Friday, October 27, 2017
I’m anxious to hear you on predestination and free will.
It’s very simple – or very complicated, depending upon which end of the stick you pick up.
It doesn’t seem so to us. To us it looks like it ought to be an either/ or.
But, remember what you noticed repeatedly whenever Rita would find a contradiction. The universe contains all contradictions, but does not contradict itself.
- Free will means that in a given set of circumstances, at a given moment in the ever-flowing river of time carrying you along in your 3D life, you have the real, not theoretical, ability to go this way or that way. You have a real, not a theoretical, choice. You really can choose heads or tails. You and Rita were told, first thing, that free will is the point of 3D existence, so that you develop as you will, not as puppets, not as chips floating in rapids.
- Predestination means, you have freedom to choose, but your whole history leads you to choose one way rather than another. Not only your past but your future holds you as a piece of iron might be held in an overwhelmingly strong magnetic current. That piece of iron won’t even be able to tumble end over end.

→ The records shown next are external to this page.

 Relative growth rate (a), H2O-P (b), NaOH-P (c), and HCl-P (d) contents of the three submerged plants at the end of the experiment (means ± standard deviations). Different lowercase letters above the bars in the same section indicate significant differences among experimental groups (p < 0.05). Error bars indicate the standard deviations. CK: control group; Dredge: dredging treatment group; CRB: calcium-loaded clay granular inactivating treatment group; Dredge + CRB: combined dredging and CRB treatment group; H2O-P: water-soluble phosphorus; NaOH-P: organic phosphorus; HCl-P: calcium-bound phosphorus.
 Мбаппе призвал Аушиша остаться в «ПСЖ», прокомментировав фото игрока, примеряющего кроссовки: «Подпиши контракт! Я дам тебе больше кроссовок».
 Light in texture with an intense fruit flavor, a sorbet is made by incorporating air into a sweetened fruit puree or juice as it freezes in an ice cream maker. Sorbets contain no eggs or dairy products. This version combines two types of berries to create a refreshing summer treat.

To say that you have choice is to consider yourself as if you were in isolation; to say you are predestined is to see yourself as one tiny element in an overwhelmingly powerful, continuing organizing system; a rapids; a hurricane; a magnetic field. (Organizing systems aren’t necessarily calm or even apparently stable, but they channel immense forces.)

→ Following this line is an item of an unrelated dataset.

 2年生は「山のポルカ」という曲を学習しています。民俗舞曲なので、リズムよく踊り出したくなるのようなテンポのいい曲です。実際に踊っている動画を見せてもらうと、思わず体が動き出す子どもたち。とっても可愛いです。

Swedenborg said humans were artificially suspended between equalized forces in order that they might have real, effective, free will.
Swedenborg was a great seer; so was Cayce; so were uncounted individuals known and unknown. But nobody else’s experience and thought and conclusions can ever prove anything for anybody else. What they may do is spark a recognition, and of course that is what we are trying to do here, say things that some will recognize and profit by.

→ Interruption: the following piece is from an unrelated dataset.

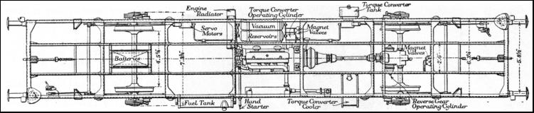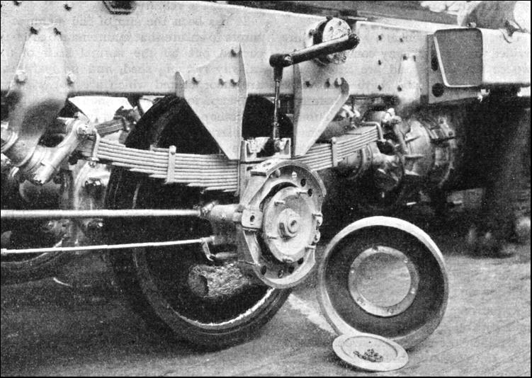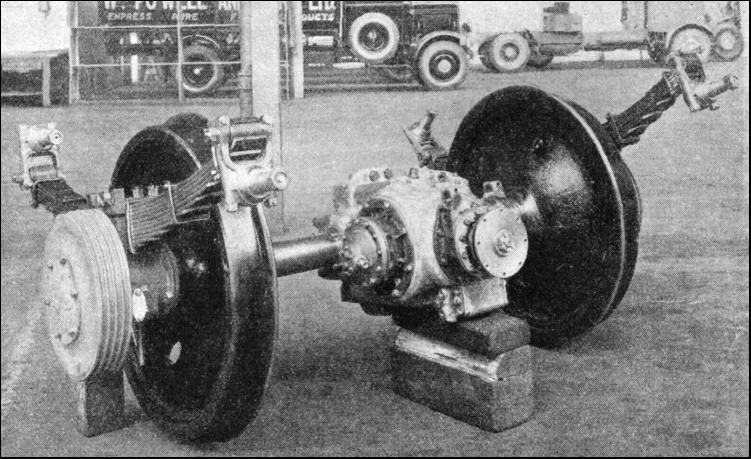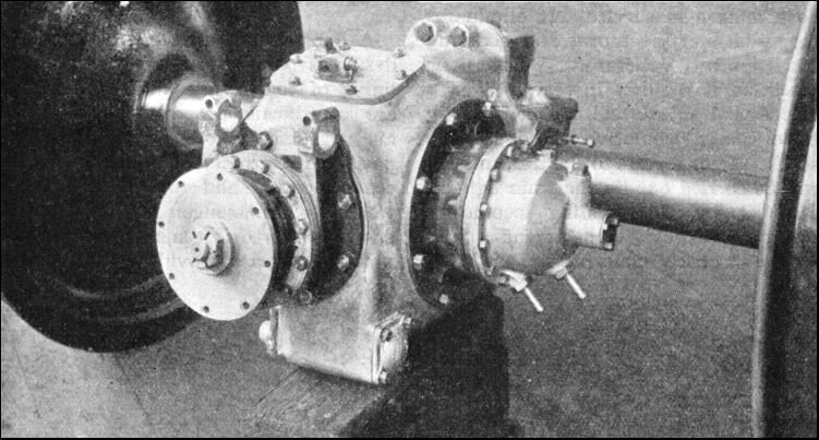 The axles rotate in roller bearings within their axle boxes. The chassis frame weight is transmitted through the usual pattern laminated springs to the tops of the axle boxes ; the latter slide in horn plate guides as in ordinary locomotive practice. The brakes, instead of being of the conventional rim type of shoe brake, are internally expanding brakes of the automobile pattern working inside brake drums. The braking force is obtained from the pistons of vacuum cylinders ; two such vacuum cylinders are mounted on each bogie. The vacuum required for these cylinders is maintained by two exhausters. One of these is mounted on the top of the gear-box and is driven from the output shaft of the latter by means of a chain and sprocket wheels ; the other exhauster is driven from the engine. The wheels are arranged for sanding gear, which is operated by vacuum from the brake supply system. The car is electrically lighted, a large-capacity accumulator being provided ; this is kept charged by means of the engine-driven generator. A conventional self-starter is provided, engaging with a toothed rim on the flywheel of the engine. An important feature of the engine cooling arrangement is the provision of an air-deflecting duct to direct the air in front through the water-cooled radiator, which is mounted in front of the engine. The rail-car is fitted with duplicated controls for the driver, at both ends of the body ; this obviates the necessity for turning the vehicle on the rails, since it can be driven equally well from either end. The controls comprise an accelerator pedal, reverse gear lever, ratchet hand-brake, finger-control lever for the vacuum brake and another for the wheel sanding gear, and the pedal used for the Wilson gear-box. The hand-brake lever at either end of the coach only applies the brakes on the wheels of the bogie immediately beneath it. The two levers are not interconnected. The reverse gear lever and the pre-selector gear lever are, of course, interconnected. A larger type of A.E.C. rail-car, the design of which is largely based on that of the model just described, is also in service. Six of these larger vehicles were ordered in 1934 by the Great Western Railway, and are in regular service. This larger type has two 130 h.p. high-speed A.E.C. Diesel engines, one driving direct and the other through a four-speed pre-selective gear-box. The fluid flywheel is used in each of these engines. Before dealing with the transmission and other technical details, it will be of interest to mention some general facts regarding the vehicle and its general performance. The rail-car is 63 ft. 7 in. long (overall), 11 ft. 8 in. high, and 9 ft. wide (overall), and has a streamlined body resembling that of the single-engine railcar previously described. It has only about one-quarter of the wind resistance of the square-ended type normally used. The four-speed gear-box employed enables speeds of 18, 32, 50, and 75 m.p.h. to be obtained when the engine is working at 2,250 r.p.m. On its demonstration trials one of these rail-cars made a return trip between Paddington and Oxford, in the course of which eight consecutive miles were covered at a speed of 70 to 72 m.p.h. and forty-four miles were run in forty minutes, giving an average speed of 66 m.p.h. Another trial run was made on the Birmingham to Cardiff route, when 117-1/2 miles were covered at an average speed of 56-1/2 m.p.h. The maximum speed attained during the trials was 76 m.p.h. The fuel consumption of this two-engined vehicle worked out at five to five and a half miles per gallon, which, with fuel at, say, 1s. per gallon, gives a remarkably low fuel cost. A public rail-car service was subsequently run between Birmingham and Cardiff, the supplementary charge of 2s. 6d. being made over the ordinary third-class fare.

Now, bear in mind, free will and predestination – seeming opposites – both depend upon one way of seeing things, namely that there is one time-stream, one consciousness, one individual will, for each person. When you change those assumptions, everything changes; consequences differ as circumstances differ.
In a reality in which the physical world was what it seems to “common sense” people, there would be only one time-stream. The physical world would be solid, substantial (as it appears) and obviously could not be multiplied millions of times every day as all those people made all those decisions. One reality-stream; real and irrevocable consequences.
In such a one-timestream reality, the free will/predestination argument would naturally arise as people seized on this set or that set of unarguable facts that cannot be reconciled, for in such a system, there could be no reconciling them. It would have to be an either/or, and yet the evidence would be too great on either side for the contrary assertion to be sanctioned. Deadlock, you see.
So the clue is that the world is projected thought.
Projected consciousness; formed not so much into thought as into awareness. There is life without thought; there is no life without awareness.
Okay. The world is projected consciousness, and we have been told all possible paths exist; all are waiting for us to walk them, and somehow we do walk them all, choosing heads and tails, time after time, with our awareness restricted somehow to only one path, the others remaining only theoretical to us. It often seems only a fanciful idea, even after nearly 20 years.
That is because you have the wrong idea of who “you” are. You are identifying with the Pac-man eating obstacles, rather than with the player playing the game. Or if you don’t like that example, another analogy would be that you are identifying with the character and not the actor, or the movie-goer viewing the final film rather than with the film editor choosing among possible scenes.
We get the idea. Pretty hard not to identify with what we experience every moment, though.
You also experience the other level, when you don’t filter out the evidence as impossible or fantasy or hallucination or merely inexplicable.
Yes, I have a few friends who experience alternate realities poking in, every so often.
A more accurate statement would be that you have friends who are occasionally conscious of it, for you all experience it; only they do not always screen out what they experience but may have no framework for.
In any case, when you realize – or even, for the moment, theorize, pretend, envision – yourselves to be one, single, undivided you that takes all paths, rather than the fragment-you that you customarily experiences as taking one path only (whether or not free to choose), you see that there is no real contradiction at that level.
- Of course you are free, but not free to take only one path: free to identify with this or that part of yourself.
- Of course it is all predestined: the paths existed from the moment the world was created; all you could do was fill them, or as it seems to you, walk them.
And all this has ramifications.
- Because all paths exist, it is easy to see and even visit the future. (And how could anyone see the future if it was not already pre-formed?)
- Because you change timelines – reality-streams, if you will – it is easy to cease to have one future and have another. (How else could real seers nevertheless predict futures that “don’t happen,” like Cayce predicting so many physical catastrophes that did not occur, instead of World War II, that did?)
We keep coming back to the same simple (but not necessarily easy) statement: You are not what you think you are; the world you exist in is not what it appears to be.
We do know that. Our questions mostly amount to, “But who are we, then, and what is the world?”
Bear in mind, it is a continuing enterprise, because you – and we – may come to a resting-place, a comfortable way of making sense of things, and that’s all well and good, but ultimately there is always more to learn, always a deeper way of seeing things.
So we’ll never be bored, I know.
That isn’t the purpose, but it is the effect, yes.